On that: had I been the OP, I would have asked for a new cup, hot or not, given that the one offered had been sitting alone on the counter on the “customer area,” apparently.

If I were the barista, on noticing the customer had left, but having the correct drink ready, I would keep it on the employee side of the counter. Not to be able to pour it back if the OP never returned, but to be able to assure the customer that it had been “overseen” while we waited for him to return.

And yes, I think this was a violation, and kinda gross.

Once when my son was little (a very tall-for-his age 2 & 1/2), he grabbed a French fry off a waiting tray that was not ours, on a restaurant counter. I apologized profusely and offered to replace all the food on the entire tray. The customer said no, please just replace the fries, though. The counter person, on observing, had gotten a new fry already, replaced the one on the tray, and when I said I’d pay, told me not to worry about it. I got lucky. But that’s how I feel about being secure in the knowledge your food has not been tampered with.

The cup that went into the trash probably cost the shop more.

I think the drink never left the back counter.

Ultimately it wasn’t a big deal. I actually ordered the same drink this morning.

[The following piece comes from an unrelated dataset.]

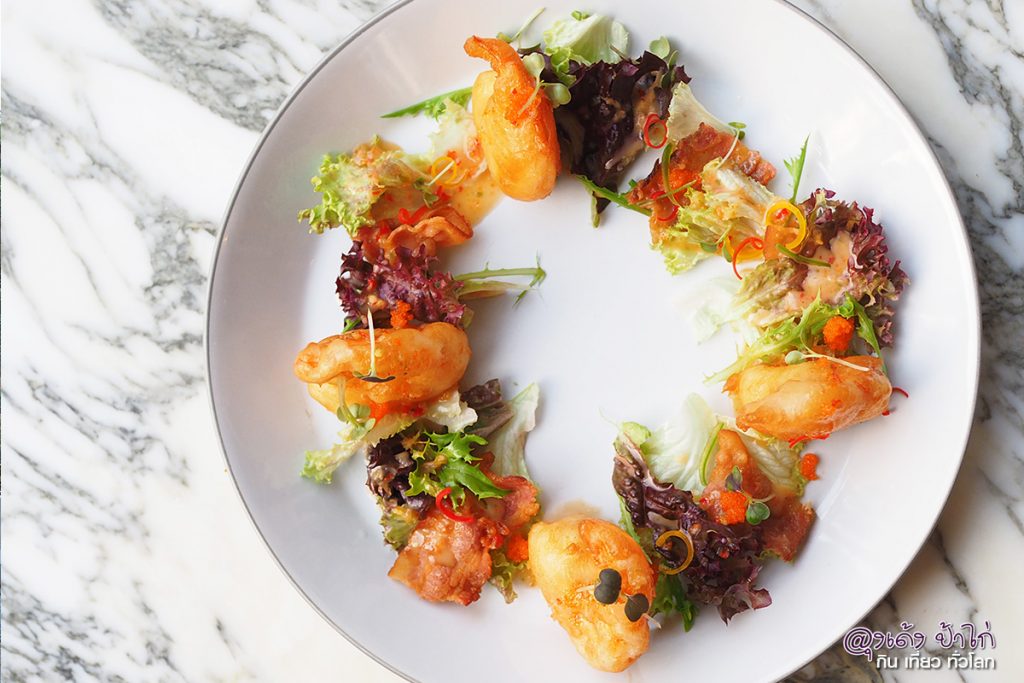 สวยงามมั๊ย! ... เหมือนเดินเล่นอยู่ในสวนเลยล่ะ "East Meet West Salad" จานนี้ 280.- ในจานประกอบด้วย กุ้งชุปแป้งทอด + เบคอนทอด และ ผักสด พร้อมกับ ซอสเผ็ด

Not paranoid at all. The person who got it as a mistake probably opened it and maybe tasted it. How else would they have known it was wrong?

In that case there was nothing wrong with what they did. We should assume the employees did their job and that cider was not contaminated in any way. It’s still not a smart thing to do in front of customers.

I got the impression from the OP that the drink in question was one they made specifically for him after they realized their mistake, not one that they had mistakenly given to someone else. But I could be wrong about that.